2.学校と家庭,地域社会との関係の在り方

  • 学ぶ意欲の低下に関しては,学校だけではなく,家庭の役割を明確にして国民,保護者の理解を得るということが非常に重要。
  • 保護者に,早寝,早起き,朝ご飯などの基本的な生活習慣の徹底や家族の団欒などをお願いしてきた結果,子どもたちが元気になり,短期間で学力も向上した。
  • 教育は教育界だけの問題ではなく,例えば,教育界と産業界の人的な相互交流の促進など,民間や産業界など国を挙げて取り組まないといけない。また民間の力を信じることも重要。
  • 地域との連携は不可欠であるが,完全に地域や塾任せにするのではなく,学校でミニマムのことを行い,経済的に十分恵まれない子どもたちでも活用できる準公教育のようなシステムを検討すべき。

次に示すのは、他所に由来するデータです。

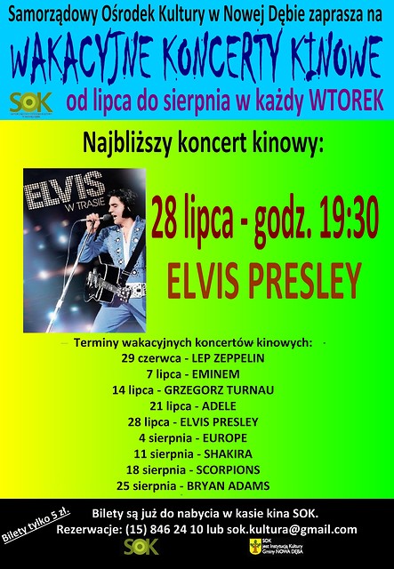 Samorządowy Ośrodek Kultury w Nowej Dębie serdecznie zaprasza na koncert kinowy ELVIS PRESLEY. Projekcja odbędzie się we wtorek, 28 lipca 2015 r. o godz. 19:30.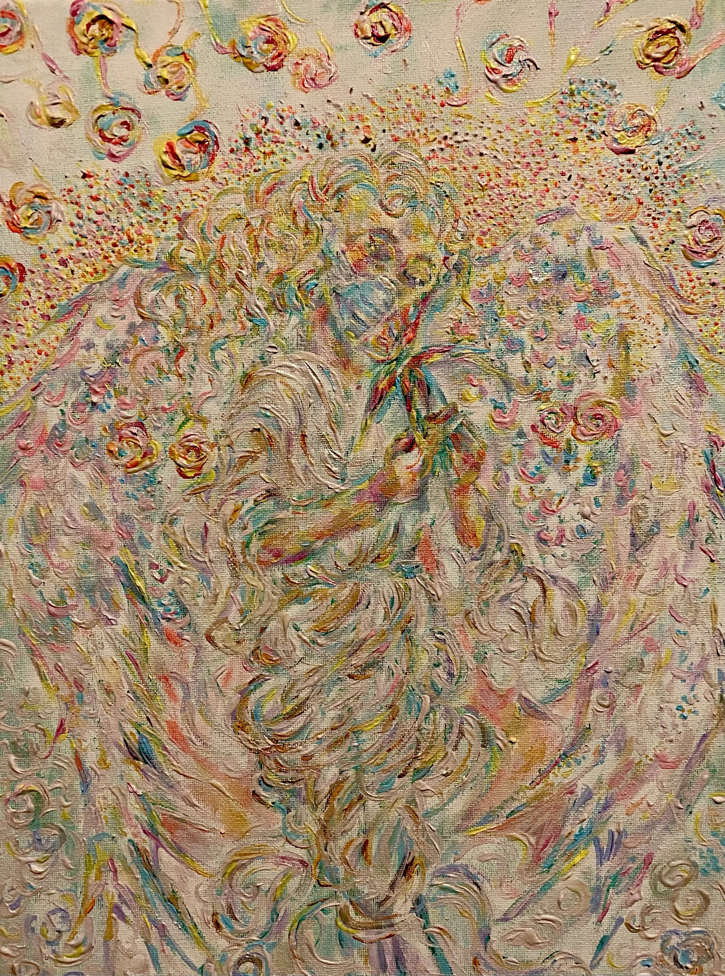 Statement: This painting depicts an angelic figure. The angel is holding a bouquet of flowers, and is pictured wearing robe painted with short energetic strokes. The angel is seen wearing a medical mask, as remembrance of covid. Above the angelic figure are floral elements painted with swirling strokes and stippling. The artwork is highly textured and it shares the qualities of both impressionism and pointillism. There is a use of thick impasto like brushstrokes, and swirls; creating a sense of movement. The palette consists of pinks, blues, and yellows. The intention behind this piece was commemorate the frontline workers who had sacrificed their health and wellbeing to help those who had fallen sick during the covid 19 pandemic.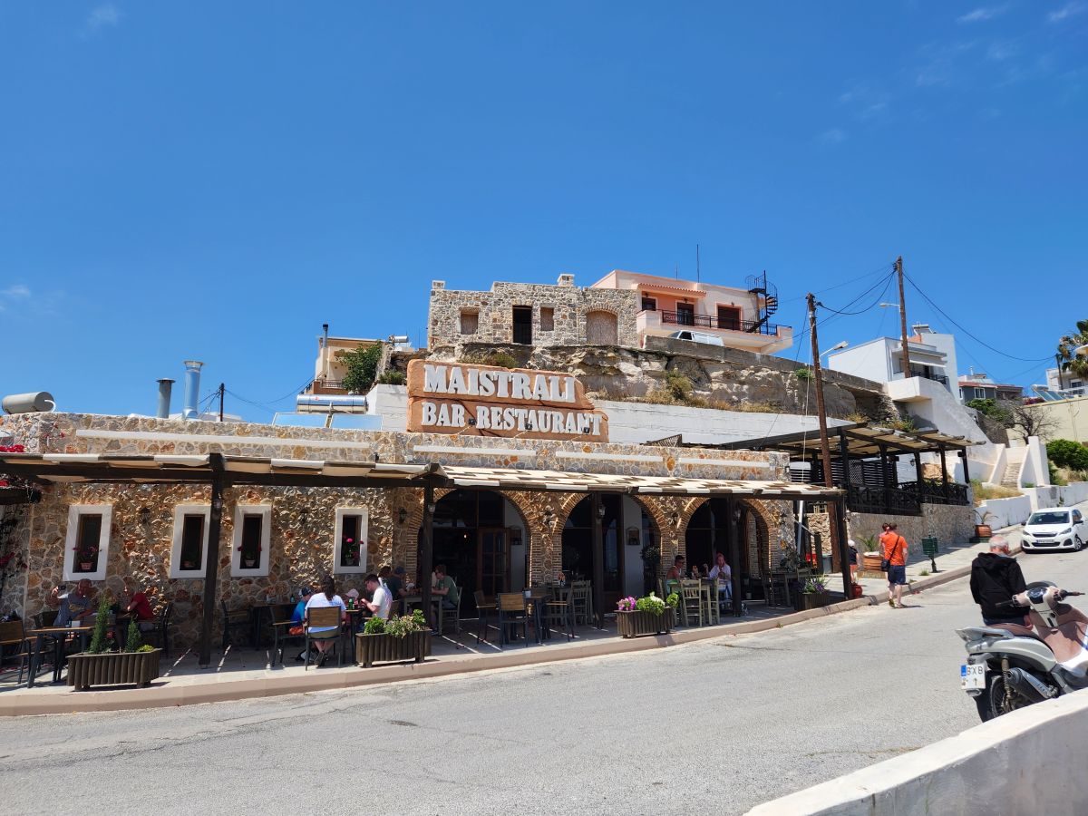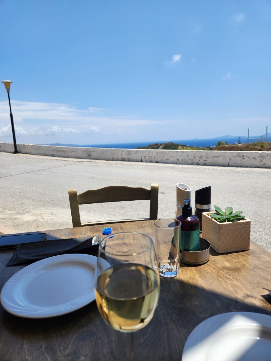 We have a restaurant all picked out, and I know it is by the “castle” of Kefalos, so we plug it into Google and off we go. F’ing Google Maps. That should be the official name of that app! Instead of taking us directly to the restaurant, which is on the main road, I might add, it takes us through the town of Kefalos with narrow little twisty turny lanes reminiscent of Crete! God I hate that app sometimes! Ed actually stops the car and I get out and walk down the road to ensure we can get out back to the main road – and not the way the stupid app is sending us either! Sigh. PS – we could get out that way, and it actually works out because we are right at a little pullout in the road where we can park the car and walk down the road to Maistrali, our chosen lunch abode. Phew.

  • 学習塾については,学力向上のために資するところもあるが,家庭や地域とのかかわりを減少させるという面もある。学習塾への依存度を減らし,家庭や地域による教育を促すことを検討すべき。
  • 十分な形式知と暗黙知を子どもたちに与えるためには,学校・家庭・地域が責任を果たし,適正な生活習慣を育てることが重要。
  • 学校週5日制になっていることの自覚と,それにどう対応していかなければならないかという責任を,家庭や地域に対してどのように説得していくかが重要。